The hybrid architecture
XNU isn't a single design. It's a combination of two distinct kernel architectures that were merged in the late 1990s when Apple created Mac OS X (which later became macOS, and whose mobile variant became iOS).
Mach — originally developed at Carnegie Mellon University in the 1980s as a microkernel research project. Mach's core ideas: everything is a message, processes communicate through ports, the kernel provides minimal services (scheduling, virtual memory, IPC) and everything else runs in user space.
BSD — specifically, FreeBSD's implementation of the traditional Unix API. File systems, networking (the TCP/IP stack), the POSIX process model, Unix signals, sockets, the VFS (Virtual File System) layer — all the things that make a system "Unix-like."
XNU takes the Mach microkernel as its foundation and layers the BSD subsystem on top. But it's not a true microkernel — the BSD code runs in kernel space, not in user space. Apple calls it a "hybrid kernel" because it has the architecture of a microkernel (ports, messages, tasks) but the performance characteristics of a monolithic kernel (everything in ring 0, no user-kernel transitions for basic operations).
┌──────────────────────────────────────────┐
│ User Space (your app) │
├──────────────────────────────────────────┤
│ BSD Layer │
│ (POSIX APIs, file systems, networking, │
│ processes, signals, sockets) │
├──────────────────────────────────────────┤
│ Mach Layer │
│ (tasks, threads, ports, messages, │
│ virtual memory, scheduling) │
├──────────────────────────────────────────┤
│ I/O Kit (device driver framework) │
├──────────────────────────────────────────┤
│ Hardware │
└──────────────────────────────────────────┘Mach: the foundation
Mach provides the primitives that everything else builds on.
Tasks and threads. Where Linux has processes, Mach has tasks. A task is a container: a virtual address space, a collection of ports, and a set of threads.
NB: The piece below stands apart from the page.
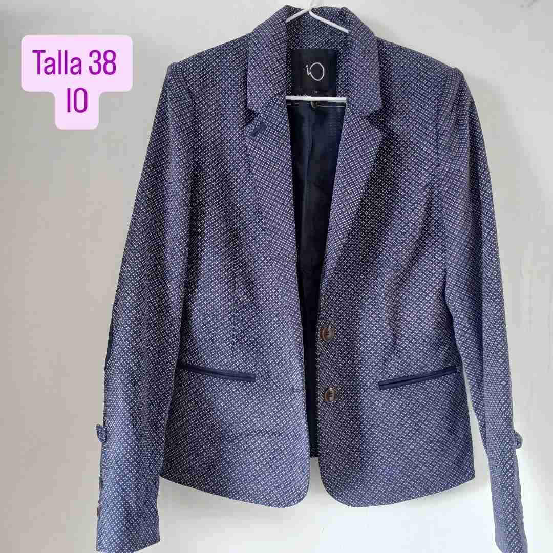 Elegante blazer azul con un sutil patrón geométrico. Ideal para ocasiones formales o de oficina. En buen estado.

A thread is a unit of execution within a task. The BSD layer maps its process abstraction onto Mach tasks — every BSD process has a corresponding Mach task. Your Flutter app is a BSD process, which is a Mach task, which has threads.
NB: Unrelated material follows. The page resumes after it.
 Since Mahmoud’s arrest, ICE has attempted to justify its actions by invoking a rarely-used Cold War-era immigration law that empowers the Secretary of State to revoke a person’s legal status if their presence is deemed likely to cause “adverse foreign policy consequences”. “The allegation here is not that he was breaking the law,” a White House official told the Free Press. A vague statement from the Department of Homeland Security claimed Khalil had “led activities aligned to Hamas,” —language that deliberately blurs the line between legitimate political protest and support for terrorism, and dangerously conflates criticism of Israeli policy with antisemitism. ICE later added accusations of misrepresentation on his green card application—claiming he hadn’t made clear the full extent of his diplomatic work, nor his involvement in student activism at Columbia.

The practical consequence: iOS has two parallel representations of your app. As a BSD process, it has a PID, signals, file descriptors. As a Mach task, it has a task port, thread ports, and exception ports. Some system operations go through the BSD interface (file operations, networking). Others go through the Mach interface (memory management, inter-process communication). Apple's frameworks hide this duality, but it surfaces in crash reports and debugging tools.
Ports and messages. Mach's IPC mechanism is message-passing through ports. A port is a kernel-managed message queue. A process (task) sends a message to a port; the process (task) that holds the receive right for that port reads the message. Ports can carry data, and crucially, they can carry port rights — the ability to send to another port. This means IPC channels can be dynamically created and passed between processes.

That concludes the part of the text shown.